Yeah, yeah, that's something we had a piece about that in the daily signal a couple days ago, actually.
The first and so far only president to run a campaign from a prison cell.
Eugene Debs had been the socialist party candidate pretty much since 1900 through 1920, and he managed actually to get 6% of the.
the vote in the multi-candidate race of 1912.
He came back in 1920 to run again.
But this time, under the Wilson administration,
he had been charged with sedition because he spoke out
against America's involvement in World War I.
And so, but he actually had quite a bit of support.
He was a very good orator.
So he was handicapped in that aspect.
He couldn't go out and do these rip-waring speeches.
However, he wrote weekly campaign statements.
Those were published by a wire service, United Press Wire Service at the time.
And he was a very well-known figure, even though he was a third party.
He was a perennial candidate, so people came to know him.
He was sort of popular, even among non-socialists because he had sort of a big personality.
and he ended up getting about a million votes.
That's almost 4% of the vote in 1920.
And actually when Warren Harding came in the office, he ended up pardoning him.
But this is an example and the only example of a presidential candidate running a campaign from behind bars.
And now that sort of presents the possibility if Trump is convicted in this case,
or in one of the other cases, what could potentially happen if he runs a campaign under conviction?
Yeah, it is interesting because, of course, in the case of Debs, his campaign was much more in the line of,
to, I suppose, pick a recent candidate.
You'd think of maybe a more of a Ralph Nader type.
Yeah, or Bernie Sanders.
Yeah, yeah.
He's running something closer to a third party campaign rather than being one of the major parties on the ticket.
So there was never much of a chance that Debs was actually going to win the 1920 election.
Even if I think so, to a large extent, and I think many even recognize those who weren't certainly were not supportive of his socialist platform, that what had been done to him was maybe a bit much, especially that he was charged under the Sedition Act at the time for arguing, essentially for dodging the draft.
There was a huge draft that took place in World War I.
And I think a little remembered historical fact,
actually there were more people dodging the draft in World War I
than there were the Vietnam War.
I know the Vietnam War gets a lot of publicity for that,
but this was actually a very big issue at the time.
Woodrow Wilson hated Debs.
His administration hated Debs.
They wanted to go after him.
They wanted to put him in jail.
They did so using the power of the federal government
and wouldn't let up.
They would not commute his sentence.
It took a Republican.
president, as you said, Warren G. Harding, who actually, I believe, invited Debs to the White House after.
I believe his sentence got commuted on Christmas Day, I guess a Christmas gift to Debs.

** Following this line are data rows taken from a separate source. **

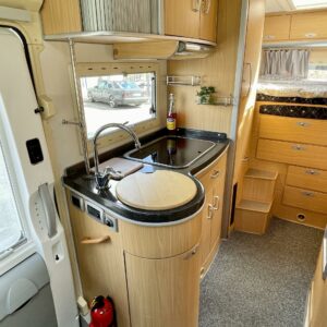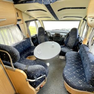 Fridge, Ilmastointi: Manuaalinen, Cab air conditioning, Ilmastointi: Automaattinen, Gas oven, Two tyre sets, Cassette WC, Cassette blinds, Roof hatch, Hot water boiler, Stove, Double bed, Freezer compartment, Sun shade, Electric windows, Vakionopeudensäädin, Turbo, Trumatic, ABS brakes, Roof railing/ladder, Central heating, Ignition interlock, Passenger area carpets, Navigator, Power steering, Sink, Fuel-operated additional heater, Radio, Shower, Special wheels
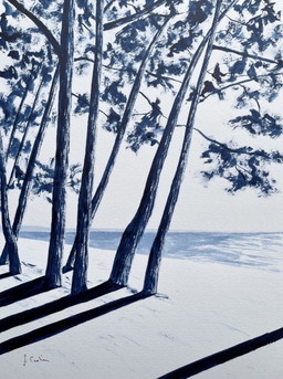 Tusche auf weißem Fabrianopapier 300g Sujet: Cap Coz Format 40x30 cm.
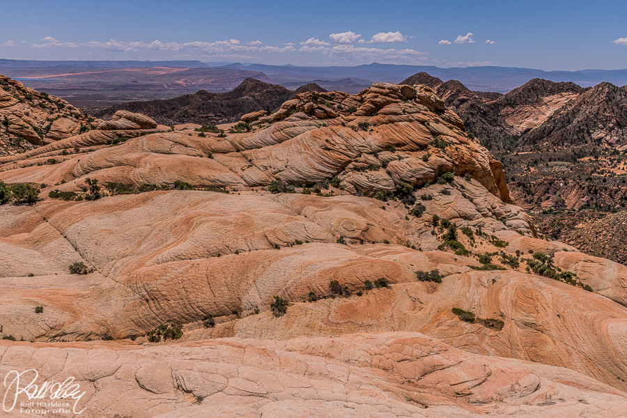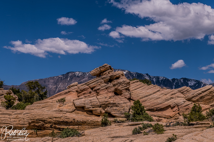 Zum Standardprogramm an Wanderungen in St. George gehört auch der Besuch von Yant Flat. Dies ist eine Felsenlandschaft, welche im Endeffekt direkt nördlich der Stadt liegt. Leider ist sie nicht auf direktem Weg zu erreichen. Wir fahren dazu auf dem Interstate 15 nach Norden, um bei der Ausfahrt Leeds den Weg in die Berge zu nehmen. Nach wenigen Meilen durch ein sehr schönes neues Wohngebiet (tolle Häuser, ehrlich) endet der Asphalt und wir hoppeln ca. 8 Meilen auf der Danish Ranch Road (031) bis zum Parkplatz vom Trailhead. Google Maps hatte uns als kürzere Route die Fahrt aus westlicher Richtung vorgeschlagen, aber von anderen Besuchern erfuhren wir im Nachhinein, dass sich dieser Teil in wesentlich schlechterem Zustand befindet. Also alles richtig gemacht.
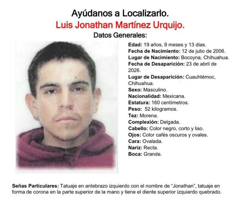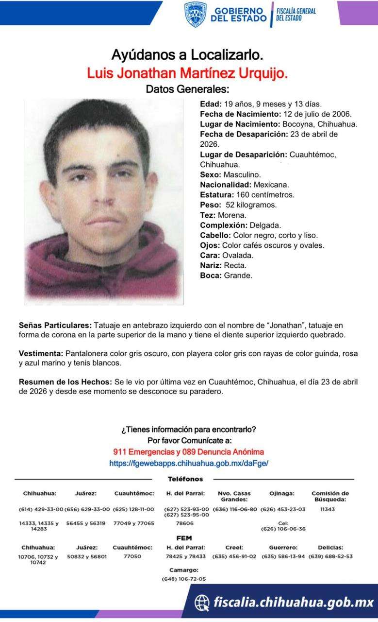 Cuauhtémoc, Chih. - La Fiscalía General del Estado solicita la colaboración de la ciudadanía para localizar al joven Luis Jonathan Martínez Urquijo, de 19 años de edad, quien desapareció el pasado 23 de abril de 2026 en el municipio de Cuauhtémoc.
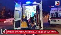 Karısını darp edip, üzerine kaynar su döküp yaktı
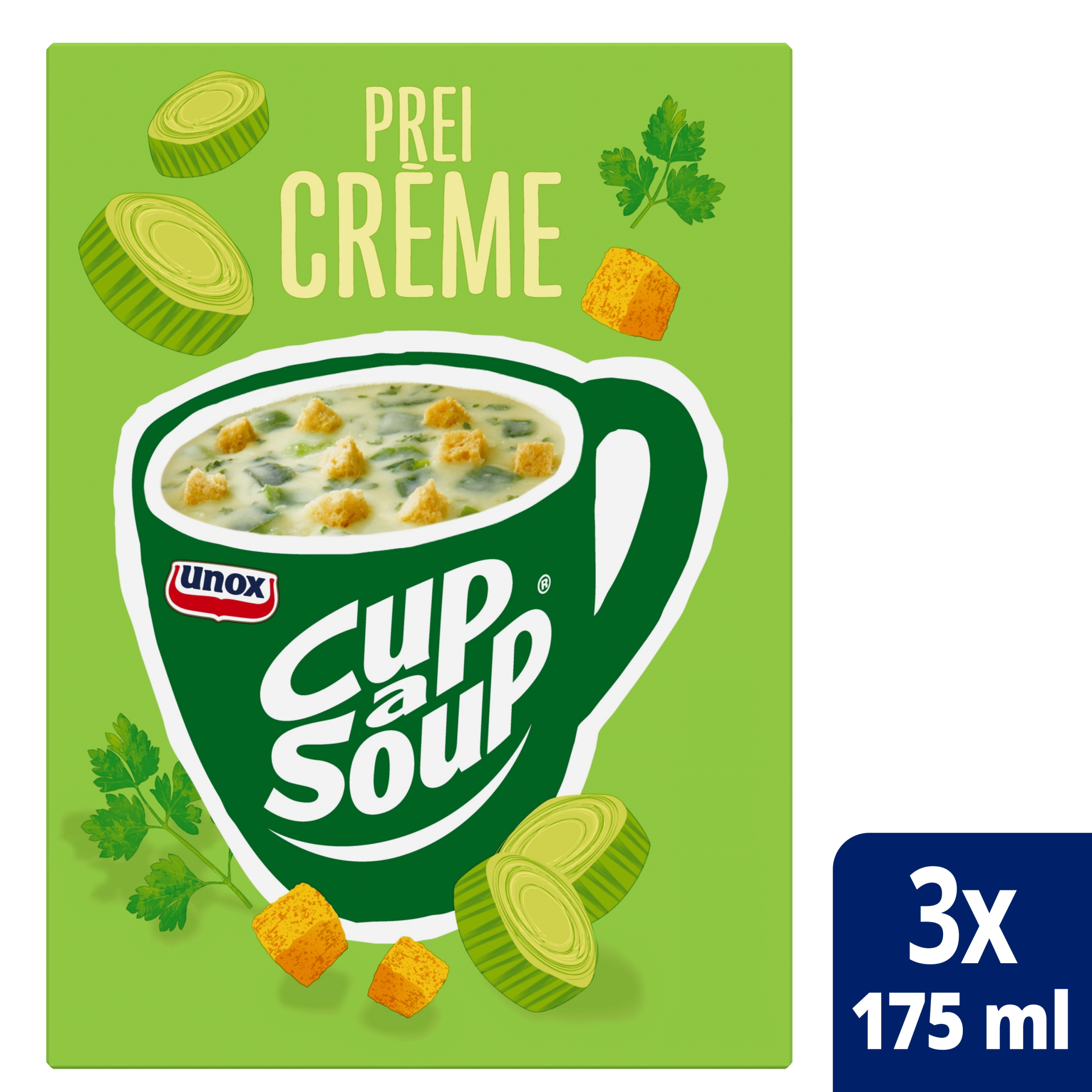 Verwen jezelf met de heerlijke Unox Cup-a-Soup Prei Crème! Deze makkelijke en smakelijke soep maak je in een handomdraai klaar. Elke verpakking bevat 3 zakjes, met elke zak goed voor een romige, hartige mok soep boordevol prei en knapperige croutons. Met slechts 65 calorieën per mok en zonder kunstmatige toevoegingen, is het de ideale snack voor een drukke dag. Perfect te genieten thuis of op kantoor. Een simpel en snel tussendoortje dat je weer energie geeft!
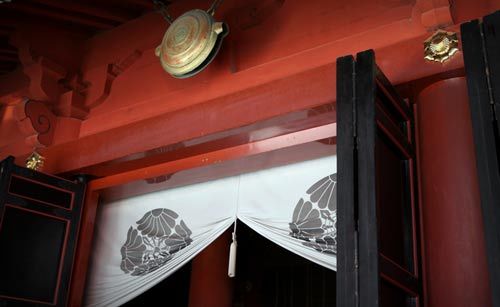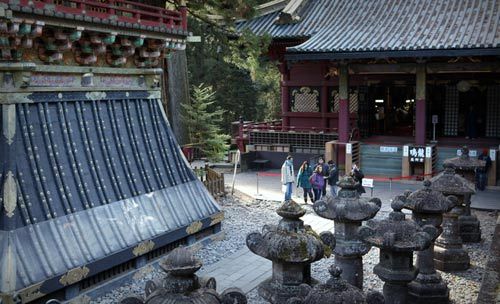 经过东照宫,穿过阳明门和正门,在药师堂停下来,它是这片神圣的神道教区中已为数甚少的几个带有佛教韵味的建筑之一,这座建筑引人之处就是绘在天花板上的巨大的鸣龙。
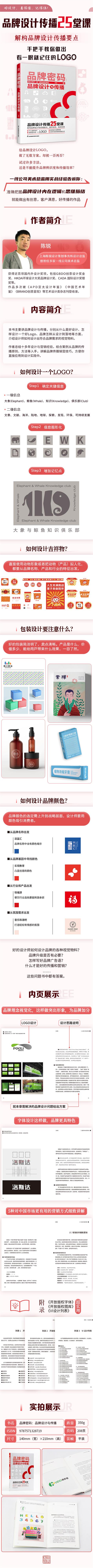 本書分為兩大部分:設(shè)計與傳播。前者主要講品牌的設(shè)計,分別從什么是好設(shè)計、怎樣設(shè)計一個好Logo、品牌怎樣從設(shè)計到落地等方面介紹設(shè)計師如何設(shè)計品牌各種視覺物料;后者主要講品牌的傳播,分別從品牌傳播三原則、品牌傳播中要避免的問題以及品牌創(chuàng)立需要準備的東西等方面入手,介紹品牌傳播需要注意的各種問題和宣傳銷營的技巧等??傮w而言,好的設(shè)計一定是邏輯先行,輔助傳播,落地漂亮的。作者結(jié)合自己對當前品牌的設(shè)計與營銷傳播兩方面的看法,讓本書內(nèi)容更加實用。
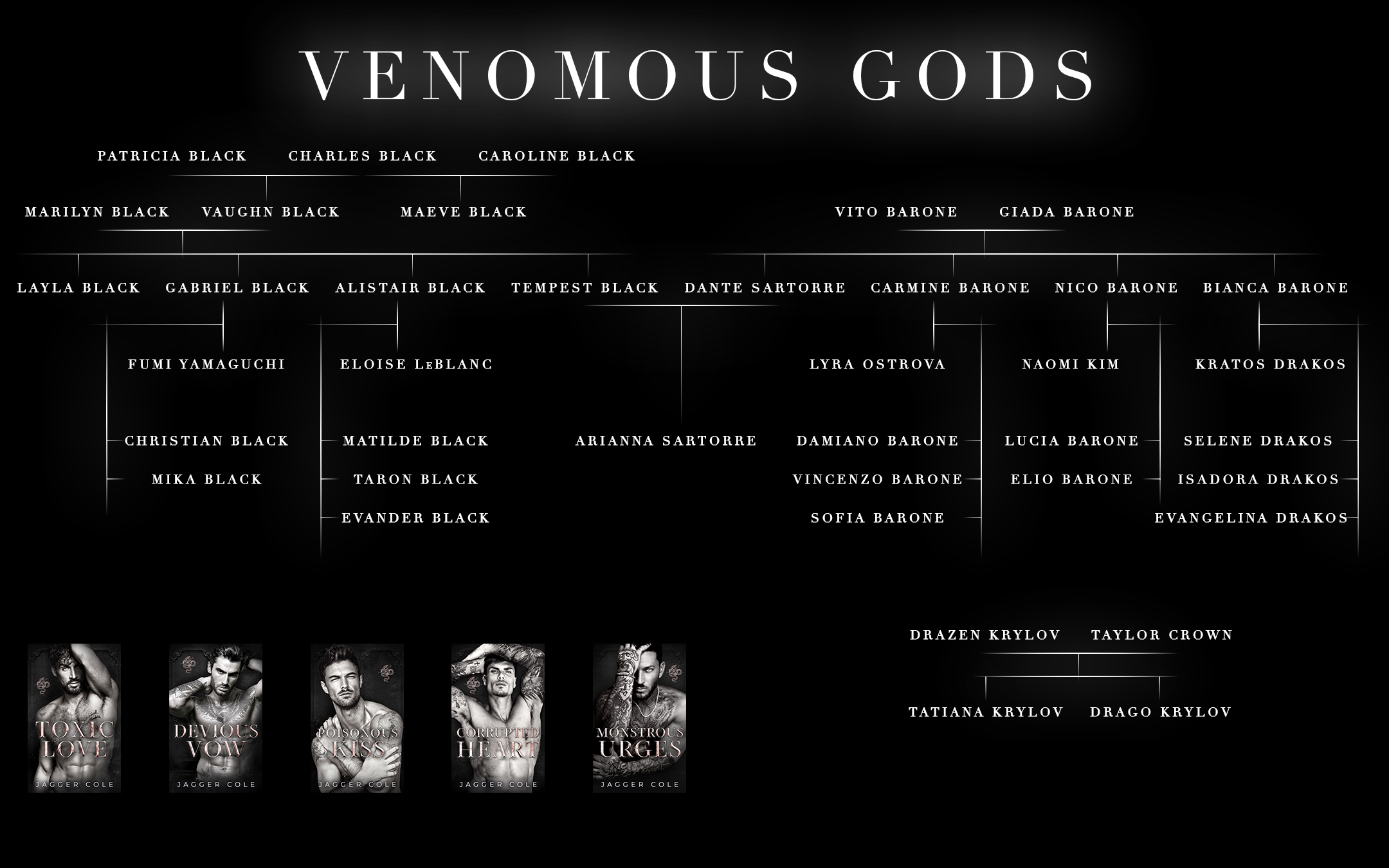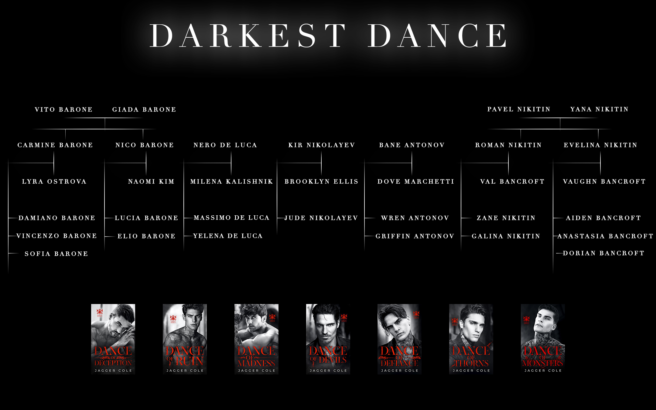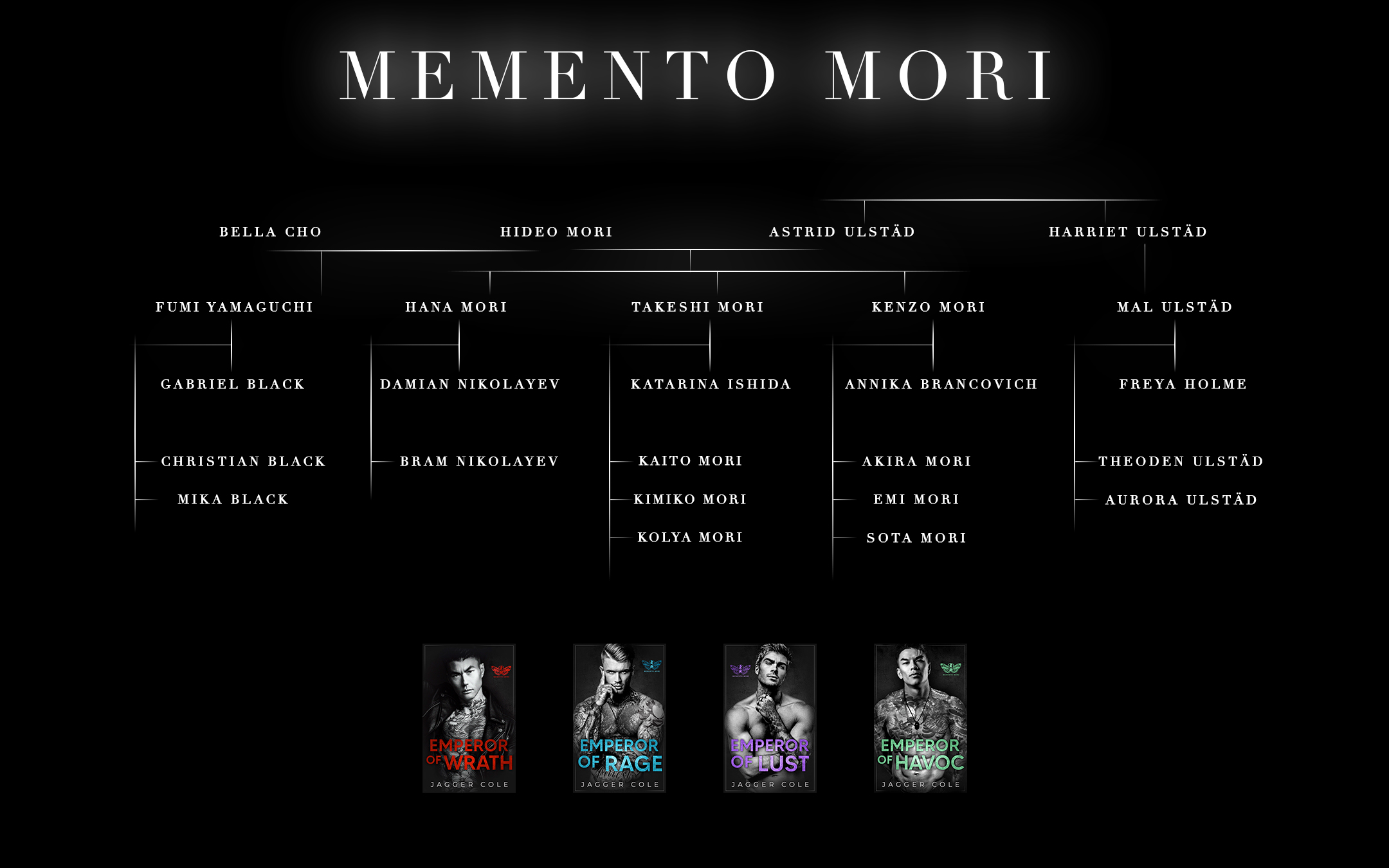 Since all of my books exist in one “universe” (the Jaggerverse, if you will), it can be tricky at times to remember who’s who. Hopefully, these family trees help straighten that out.
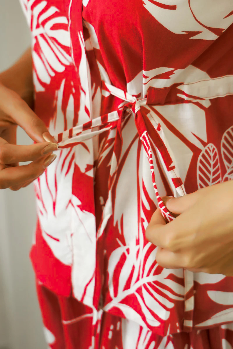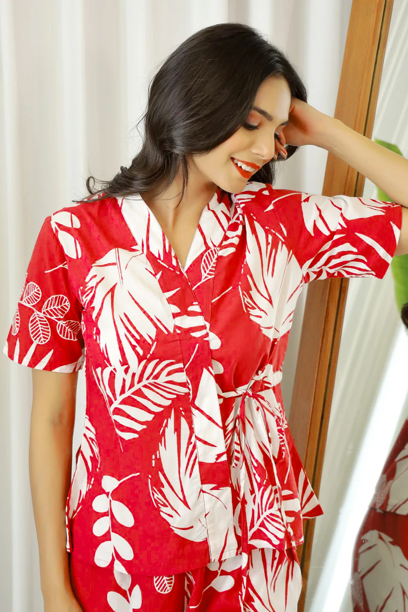 Relax in comfort and style with this vibrant red cotton nightwear set, designed with a trendy tropical leaf print. The set includes a short-sleeve button-down shirt and matching shorts, giving a relaxed yet fashionable look. Made from soft and breathable cotton fabric, it ensures maximum comfort, whether you’re lounging at home or getting a restful night’s sleep.
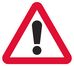 Попереджувальні знаки мають трикутну форму, білий фон і червону окантовку.
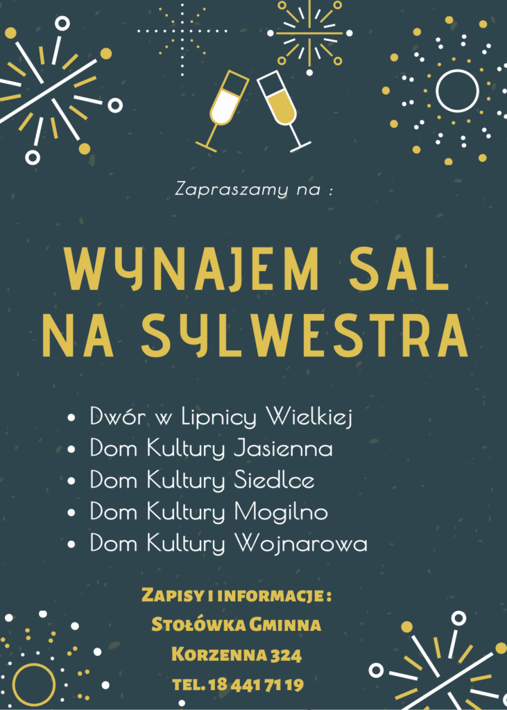 Chcielibyście spędzić Sylwester 2021/2022 w większym gronie, jednak obawiacie się, ze Wasze mieszkanie nie pomieści wszystkich znajomych? Do Państwa dyspozycji oddajemy sale w naszych placówkach: DK w Mogilnie, DK w Siedlcach, Dwór w Lipnicy Wielkiej. Szczegółowe informacje dotyczące atrakcyjnej oferty znajdą Państwo dzwoniąc pod numer tel. : 18 441 71 19 – Stołówka Gminna w Korzennej.
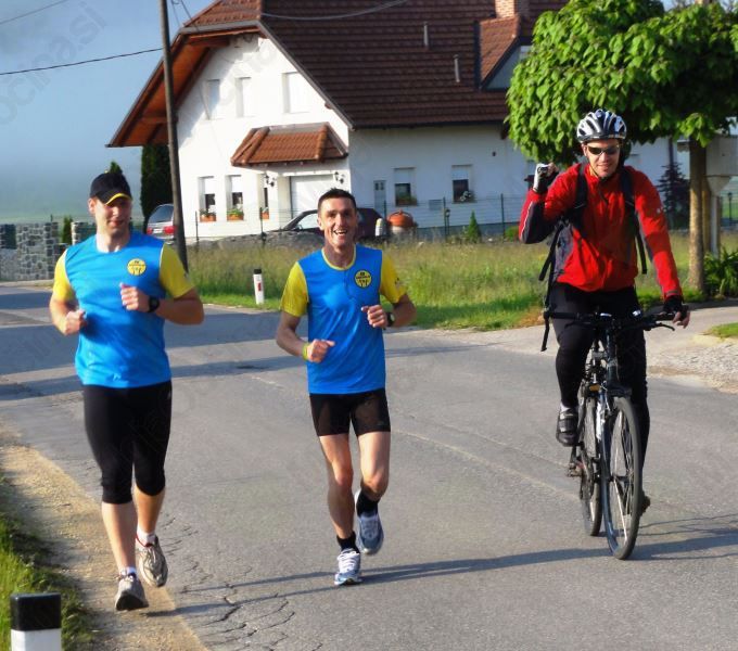 Skozi celoten tek smo imeli podporo spremljevalnih vozil, ki so se ustavljala na določenih postajališčih in skrbela za napitke ter okrepčila. Brez spremljevalne ekipe bi bil tek verjetno neznosen, saj smo tekli v toplem sončnem vremenu, zato se jim za njihovo pomoč in podporo v imenu vseh tekačev najlepše zahvaljujem.
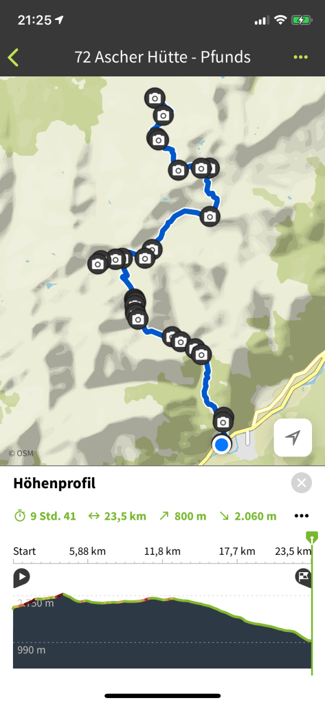 Ich war mittlerweile fast fünf Stunden ohne nennenswerte Pause unterwegs und hatte gerade mal knapp die Hälfte der Strecke hinter mich gebracht. Schweinehund war extrem Pausen-reif! Also genehmigte ich uns erst mal ein Sahneschnittchen in Form von Kaiserschmarrn mit Apfelmus sowie zwei gespritzte Johanns (Johannisbeerschorle) und beratschlagte mit Frau Komoot über mögliche Weg-Alternativen. Doch – und da biss die Komoot-Maus keinen Faden ab – wir waren auf 2.588 Meter Höhe und Pfunds liegt auf knapp 1.000 Meter, wir mussten also 1.600 Hm runter (und nein, es gab keine Bahn).
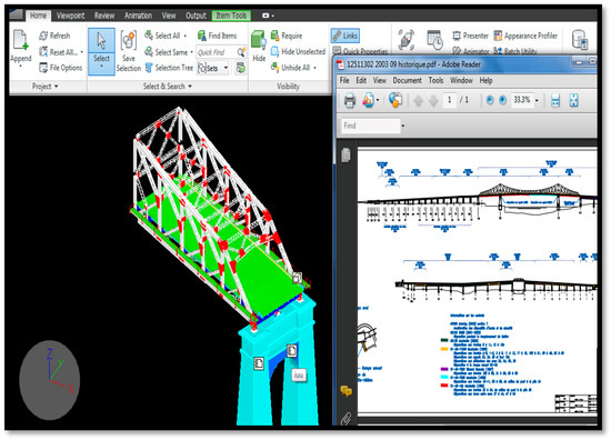 As mentioned above, all previous data were integrated together with the time into a 4D model of the bridge. In order to achieve this, adopting a clear method plan as indicated in Figure 3, was very necessary due to the complicated relationship between manual, schedule, and digital data. At this point, incorporating all available data, such as maintenance reports, related time events, and detailed drawings, into the 4D CAD model was the major priority of this work. The application of this practice will certainly help in ensuring compatibility among all inspectors who are interesting in direct accessing of the project’s data. Figure 3 clarifies the methodological steps followed in the study. Additional information, discussions, and results regarding the approach are provided in the ensuing sections.
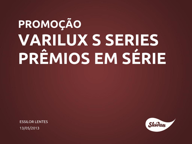 1. O vendedor cadastra suas vendas no site proessilor.com.br e a cada 3 pares da lente Varilux S Series vendidos no mês ele tem direito a 1 brinde. 2. Semanalmente, o vendedor que tiver direito, a pelo menos 1 brinde, receberá por e-mail uma notificação de quantos brindes tem direito, assim como o link para resgatá-los. 3. Na página de resgate, o vendedor seleciona o brinde que deseja, informa o endereço de entrega, dados pessoais e da óptica em que trabalha. Dentro de alguns dias, a Essilor envia o brinde para o endereço informado.
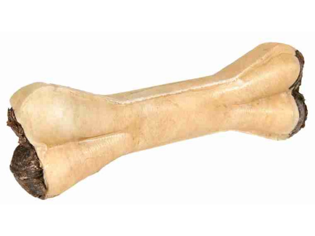 Os de mestecat din piele uscata cu umplutura de burta si verdeata. Compozitie: piele bruta, tripa (40 %) | A se pastra intr-un loc racoros si uscat.
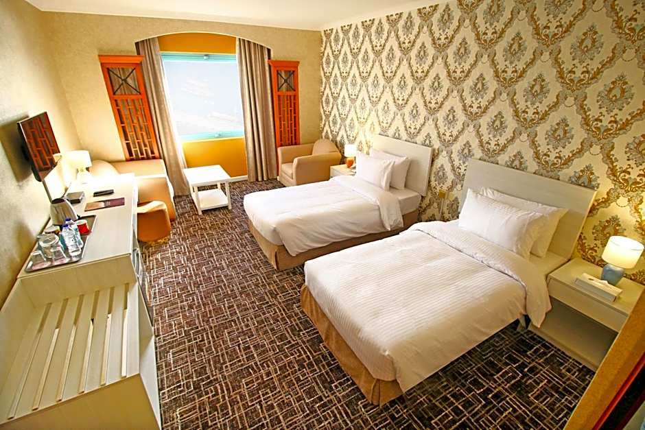 Indulge in the Premier Room with breathtaking Creek & Heritage views, offering a spacious 431 sqft haven for 2 adults and 1 child. Enjoy the luxury of a king size bed and twin beds, along with a private bathroom, bathtub, flat-screen TV, and stunning city, river, and ocean views.

And apparently had a conversation, which Harding, a very, I think, genial man had a nice
conversation with him. I think it is very interesting that, of course, that Harding ran on this
campaign of a return to normalcy, which I think that the Debs' commutation of his arrest,
And, of course, he had very poor health while in jail was sort of that desire to return a normalcy in this country, that even though Debs had been arrested, that he should be released because we wanted to see the country return to normal in the 1920s.
Yeah, yeah, and that was part of what Harding ran on.
It was the, yeah, as you said, returned to normalcy.
And moving past the World War I era laws of Wilson.
Of course, I consider Wilson kind of as close to an authoritarian president as the country's ever had, really.
And the World War I was really used to kind of bludgeon political opponents.
And Debs was, you know, Exhibit A in that, I think.
Yeah, absolutely.
So another case, I think we could talk about, Fred.
And I know we discussed this before the show, which is maybe a little deeper history,
which would be the trial of Aaron Burr, the Vice President Aaron Burr,
who actually ended up in trial years after he was vice president.
Can you kind of talk about that a little bit, Fred?
Well, yeah, I mean, he's most famous for killing Alexander Hamilton.
He didn't go to trial for that.
Dules were illegal at the time, but Aaron Burr, of course, you know,
went on the serve out of one term with Thomas Jefferson, at least.
And though he didn't get along very well with Jefferson,
and that's a whole other story.
But, yeah, after being out of power, and it's often said of Aaron Burry,
he was most dangerous when he's out of power.
He's actually, but he went on to sort of wanted to be an emperor in the Louisiana territory
and Mexico and so forth.
Yeah, and it was, and he ends up getting, well, tried and acquitted on that point.
Yeah, the whole trial was very interesting.
Of course, Burr, I think there's definitely been some debate among historians, what exactly
were his intentions in the Southwest.
He went down there because a lot of his popularity went down after shooting and killing the former
president secretary.
So he wasn't so popular in New York City anymore.
He went down to the southern territories, made a lot of friends, including some very
disparate ones, including Henry Clay and Andrew Jackson, a lot of people who would be political
rivals in the future.
And the question I, of course, revolved on what exactly was Burr doing down there?
Was he trying to lop off that territory to create its own empire?
Was he working with the Spanish government to try to, because of course, much of this was Spanish territory as well.
And I think what's very interesting about that case is that the real villain in this case may have actually been General James Wilkinson.
In fact, I think Peter Roosevelt years later said he was one of the most villainous characters in American history.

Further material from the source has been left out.